Exercise inputs below:

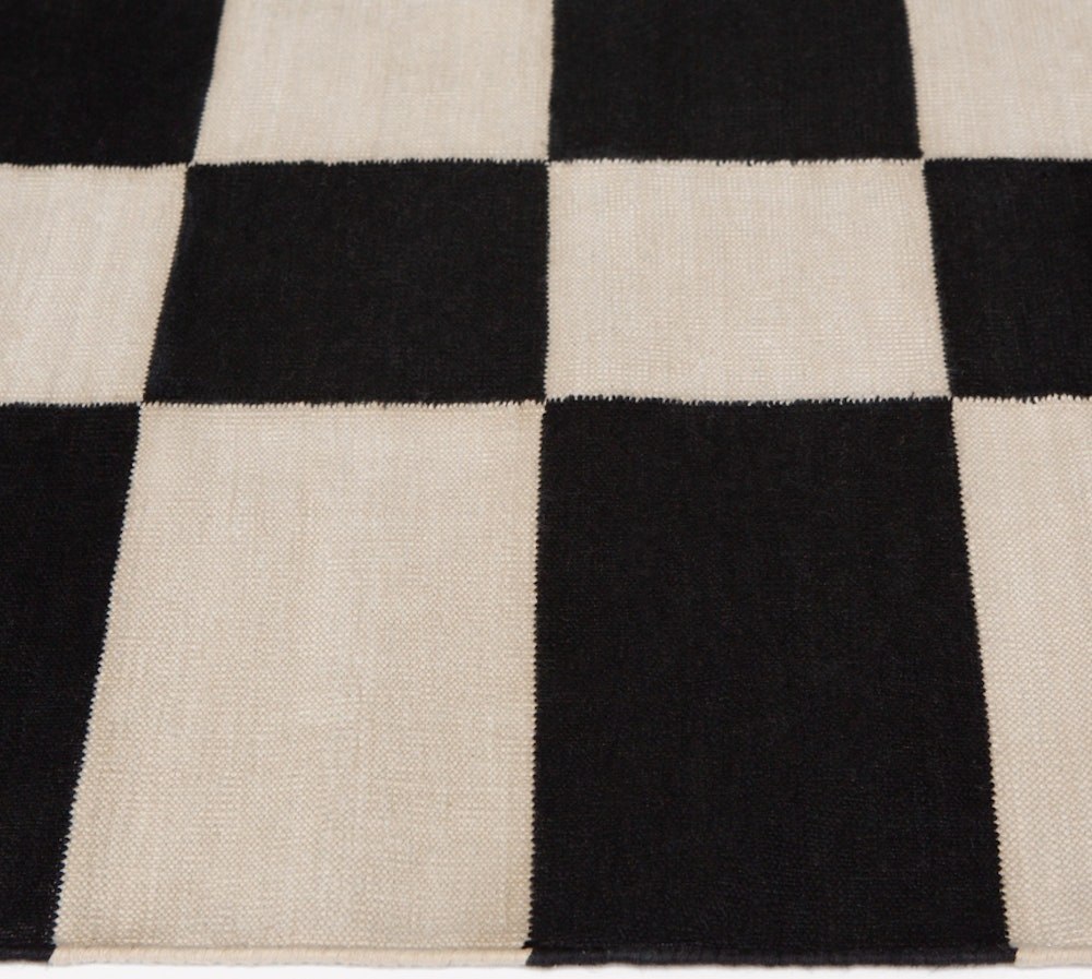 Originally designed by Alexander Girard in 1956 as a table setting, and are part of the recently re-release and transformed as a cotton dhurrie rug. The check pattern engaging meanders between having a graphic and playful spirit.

End of Exercise inputs.
Exercise inputs below:

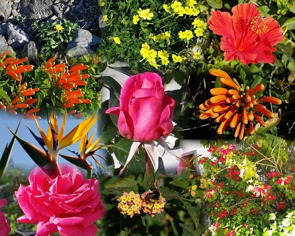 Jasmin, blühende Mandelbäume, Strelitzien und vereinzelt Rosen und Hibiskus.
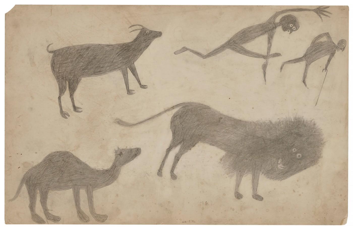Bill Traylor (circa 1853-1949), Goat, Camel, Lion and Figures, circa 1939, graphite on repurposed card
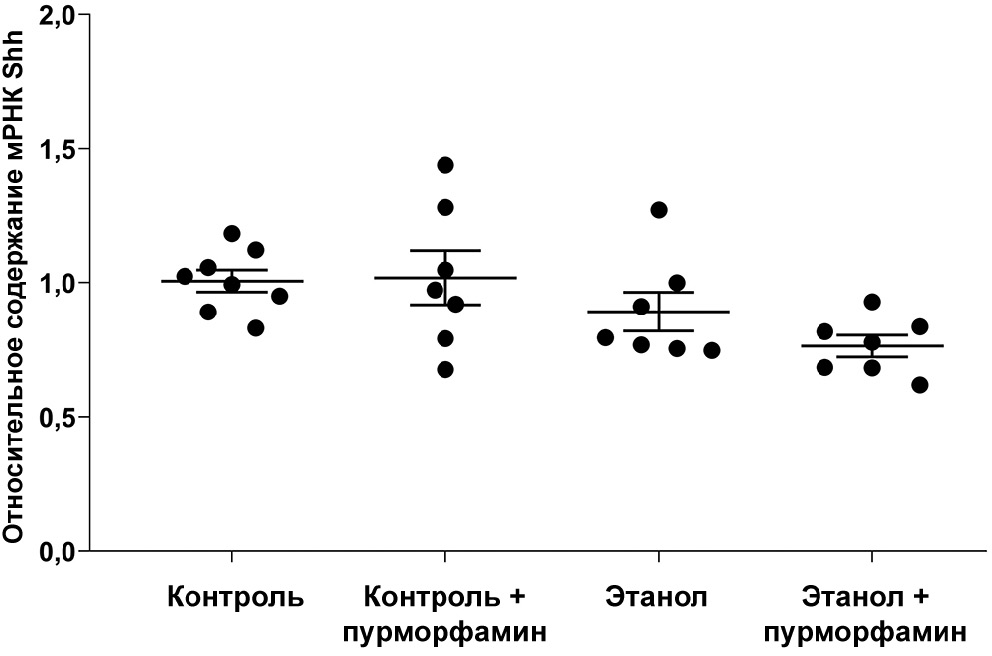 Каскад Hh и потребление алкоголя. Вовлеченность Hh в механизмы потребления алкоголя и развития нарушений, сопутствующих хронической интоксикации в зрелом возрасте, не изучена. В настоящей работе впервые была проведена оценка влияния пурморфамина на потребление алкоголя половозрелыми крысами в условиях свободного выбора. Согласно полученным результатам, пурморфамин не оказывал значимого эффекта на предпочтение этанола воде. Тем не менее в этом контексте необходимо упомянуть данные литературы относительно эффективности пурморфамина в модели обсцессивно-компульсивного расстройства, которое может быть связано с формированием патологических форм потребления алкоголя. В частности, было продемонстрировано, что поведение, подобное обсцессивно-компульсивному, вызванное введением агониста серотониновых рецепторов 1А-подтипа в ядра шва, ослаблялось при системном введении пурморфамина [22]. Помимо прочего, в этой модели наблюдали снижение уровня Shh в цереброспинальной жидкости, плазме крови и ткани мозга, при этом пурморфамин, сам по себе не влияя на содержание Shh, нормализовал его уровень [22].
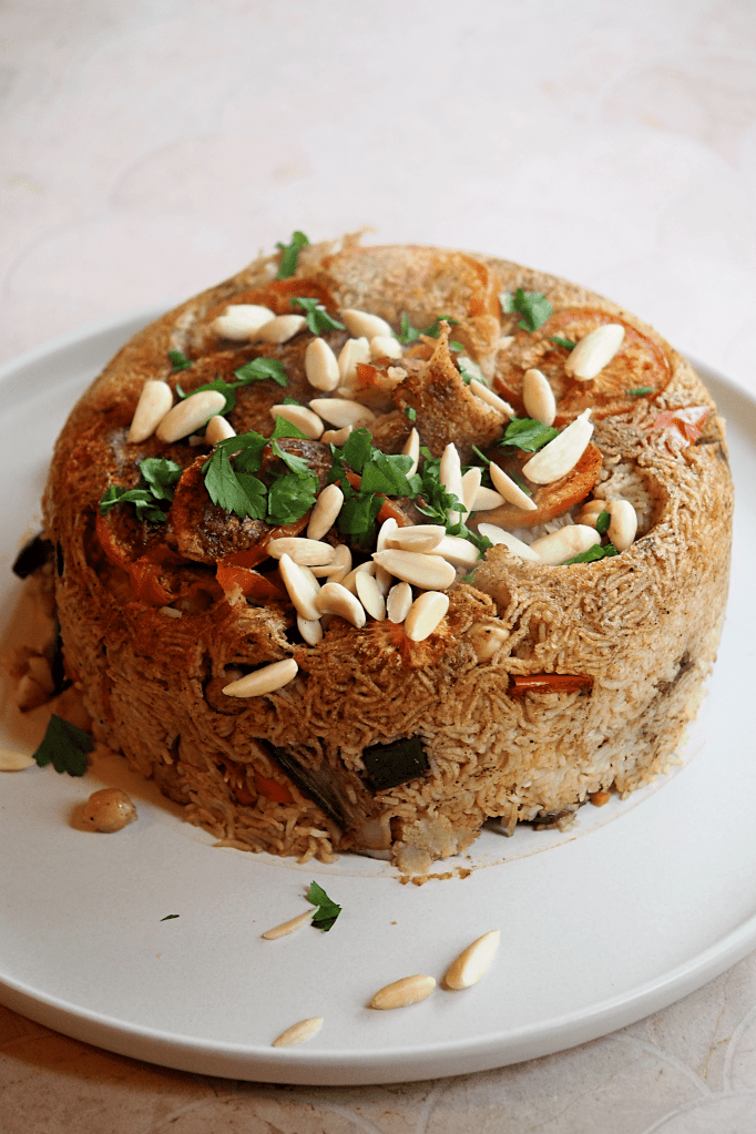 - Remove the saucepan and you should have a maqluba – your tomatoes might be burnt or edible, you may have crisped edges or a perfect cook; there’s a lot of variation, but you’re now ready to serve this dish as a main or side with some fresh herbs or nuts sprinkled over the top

End of Exercise inputs.
Exercise inputs below:

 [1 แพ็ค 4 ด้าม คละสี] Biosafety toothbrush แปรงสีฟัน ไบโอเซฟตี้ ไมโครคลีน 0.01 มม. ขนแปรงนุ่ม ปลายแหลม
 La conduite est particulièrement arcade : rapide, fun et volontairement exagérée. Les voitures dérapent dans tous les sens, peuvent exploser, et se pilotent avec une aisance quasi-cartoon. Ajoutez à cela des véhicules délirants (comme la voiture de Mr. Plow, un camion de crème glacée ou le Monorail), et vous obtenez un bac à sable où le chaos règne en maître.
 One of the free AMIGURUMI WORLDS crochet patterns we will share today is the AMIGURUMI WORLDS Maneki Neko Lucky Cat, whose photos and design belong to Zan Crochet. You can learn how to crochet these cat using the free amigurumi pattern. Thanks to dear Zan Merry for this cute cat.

End of Exercise inputs.

The problem → Write out word for word the lines above that run from the one with "Jasmin, blühende Mandelbäume, Strelitzien" to the one with "Bill Traylor (circa". Include both end lines; exclude the images.

Output for this exercise →
 Jasmin, blühende Mandelbäume, Strelitzien und vereinzelt Rosen und Hibiskus.
Bill Traylor (circa 1853-1949), Goat, Camel, Lion and Figures, circa 1939, graphite on repurposed card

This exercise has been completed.